“Today the world commemorates St. Patrick’s Day by heavy drinking and imagining leprechauns. But St. Patrick (389-461), the great evangelist and hero known for Christianizing the nation of Ireland, deserves better remembrance. After being enslaved and taken from his home in Britain by roaming Irish, God called Patrick to become a bishop and to eventually call the land where he had been a captive to repentance.

Ireland at that time was religiously controlled by the pagan Druids, who sacrificed newborns during the Fall Harvest, to please their bloodthirsty idols (Ezekiel 16:20-21). According to tradition, the Druids and king assembled for an occult festival celebrating the Spring Solstice, at which no other fires were allowed to burn but their own. St. Patrick and a few other Christians ascended a hill (like Elijah before the prophets of Baal in 1 Kings 18:22) and defied the law by building a massive bonfire that all could see.
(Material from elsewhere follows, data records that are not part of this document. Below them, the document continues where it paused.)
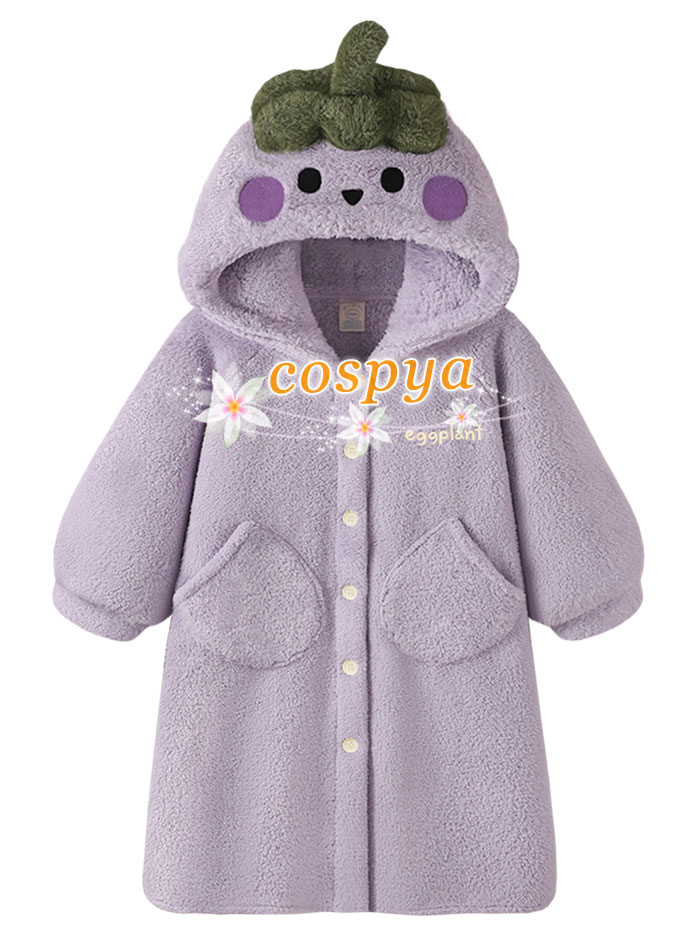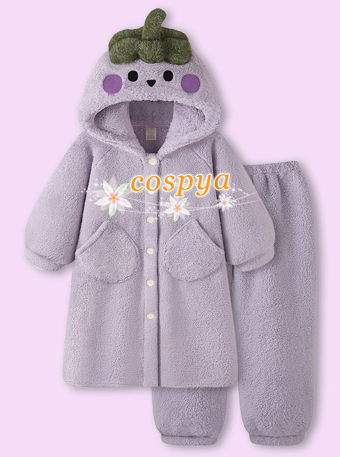 パジャマ 紫なす 部屋着 かわいい アニメ風 暖かい
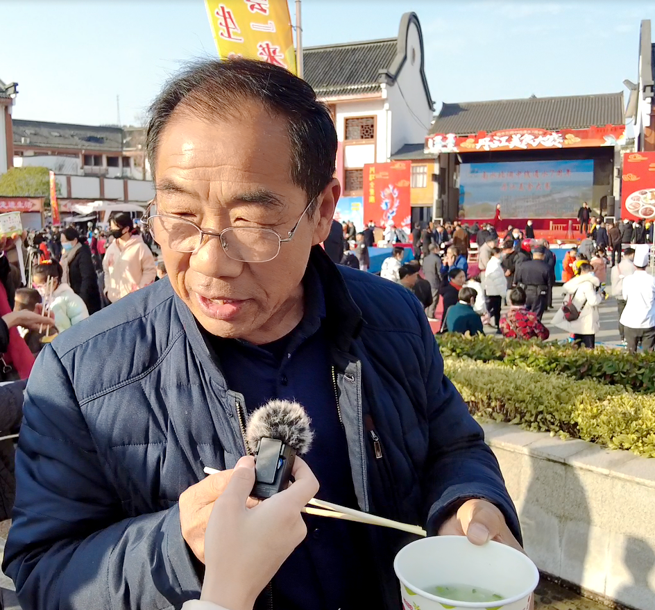 “刚刚品尝了我们新鲜的鱼汤,口感非常好,肉质鲜嫩多汁,而且很有营养,也很有弹性,所以我觉得来到丹江来必须要品尝丹江的鱼,真的是太好吃了!”
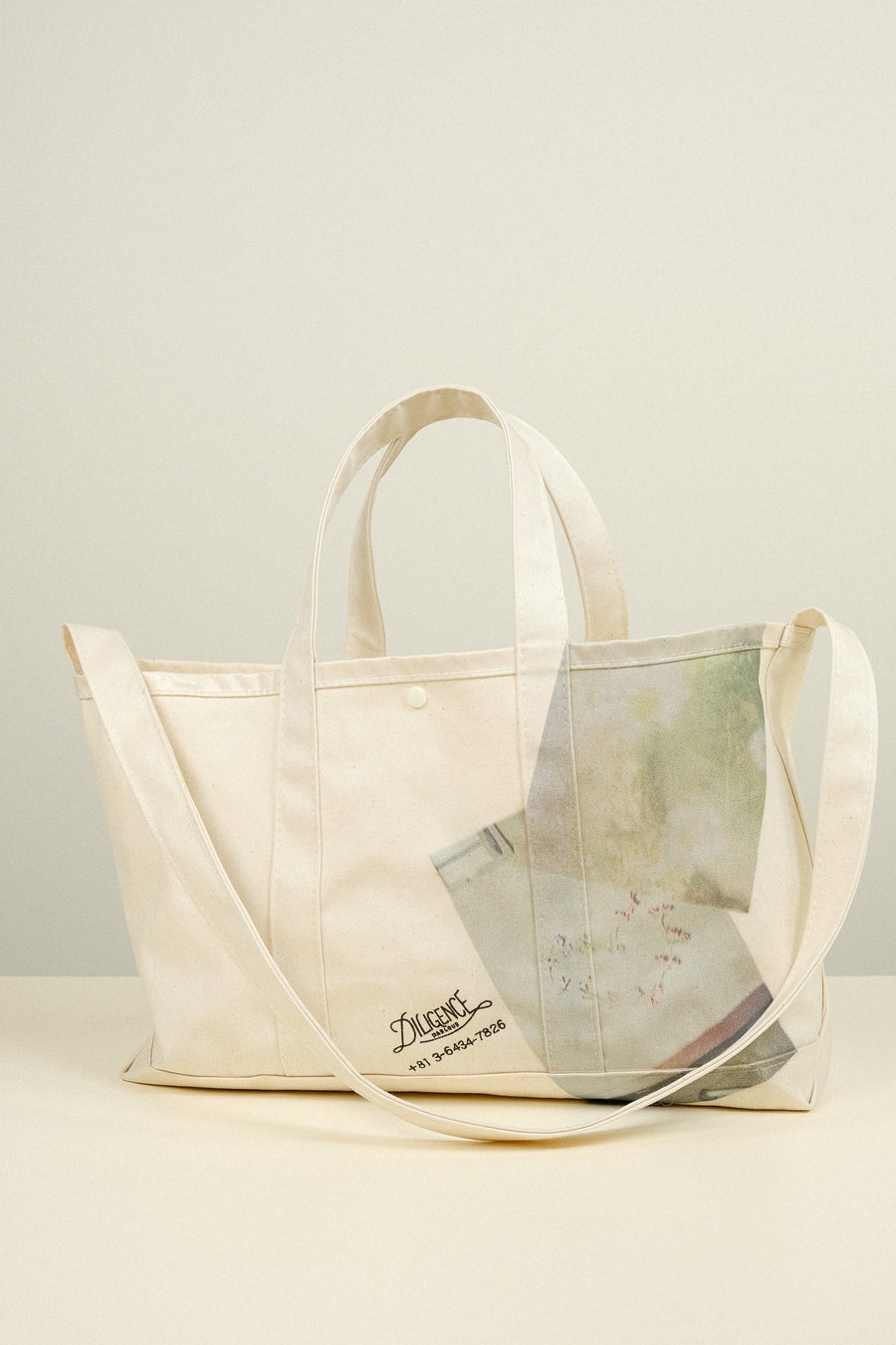 コラボレーション商品として、TRUECOTTON素材のフーディ、長袖Tシャツ、トートバッグ2種、ポーチの計5アテムを制作。写真家の工藤司さんが撮影した、幻想的な色彩で切り取ったお花の写真をプリントに用い、越智さん自らがデザインしました。5アイテムは、 2024年8月23日(金)から9月16日(月)の期間、ZOZOVILLAと豊島の運営する地球に良いことを提案するECサイトReCirculet(リサーキュレット)とDILIGENCE PARLOURのオンラインサイトにて受注販売いたします。

Patrick was brought before the king where he professed the blood of Christ as the sacrifice for all time and condemned the Druid sacrifices. The queen and many in the court were converted and Patrick baptized thousands. Patrick’s brave testimony effectively ended human sacrifice and slavery in Ireland. Even today, abortion — child sacrifice to the idol of convenience — remains illegal on the Emerald Isle.**

He wrote, “daily I expect to be murdered… But I fear nothing, because of the promises of Heaven.”

His desire was that Christ be remembered, “in the heart of every man who thinks of me; Christ in the mouth of every man who speaks of me, Christ in the eye that sees me, Christ in the ear that hears me.” With the same courage that Patrick drew upon to confront the evil of his time, let us rise to confront the evils of ours with the Word of our testimony and the blood of Lamb, so that Christ’s name is proclaimed over all (Revelation 12:11). Happy Saint Patrick’s Day!”